Using their experimental results and similar ones from another research group, Zondervan and her colleagues modeled the ocean-surface conditions for atmospheric carbon dioxide concentrations projected through 2150 by an international group of scientists, the Intergovernmental Panel on Climate Change (IPCC), in a 1995 report.
She and her coworkers determined that as carbon dioxide increases in the atmosphere, the coccolithophores will not only make less shell but also produce less carbon dioxide, a byproduct of the calcification process.
In this way, the organisms exert a negative feedback on rising carbon dioxide, says Zondervan. She and her colleagues from the Alfred Wegener Institute reported their results in the June 2001 Global Biogeochemical Cycles.
Although this effect might seem comforting to those worried about rises in atmospheric carbon dioxide, the coccolithophores’ reduction of carbon dioxide isn’t nearly enough to counteract the carbon dioxide currently being injected into the environment by human activity, notes Zondervan.

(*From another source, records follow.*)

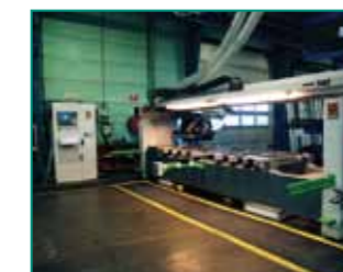
BIESSE ROVER 342 CNC machining center
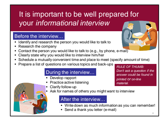
(d) 'To do' page; this slide portrays what the interviewee should do for an informational interview
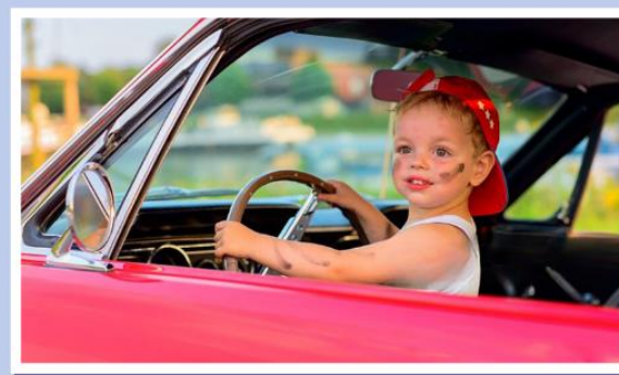
Kids' Zone with plenty of car-related activities

More importantly, she points out, this is only “the immediate effect of a decrease in calcification on the ocean chemistry. We have to see whether there are other effects which we don’t know of–and maybe the effect will be reversed again.”
By way of example, she points out that organisms further up the food chain eat coccolithophores. When the coccolithophores contain less calcium carbonate, bigger creatures might consume more of them because they’re tastier or the drop in calcium carbonate might decrease sunlight reflectance. This could let light penetrate to other phytoplankton in deeper water, causing further perturbations in the food chain and the ocean’s carbonate system.
Even as the scientists realize they have only begun to untangle the intricacies of ocean chemistry in general and of the calcium carbonate cycle in particular, Zondervan says one thing is clear: “We are already changing the ocean chemistry, that’s an experiment that’s already going on.”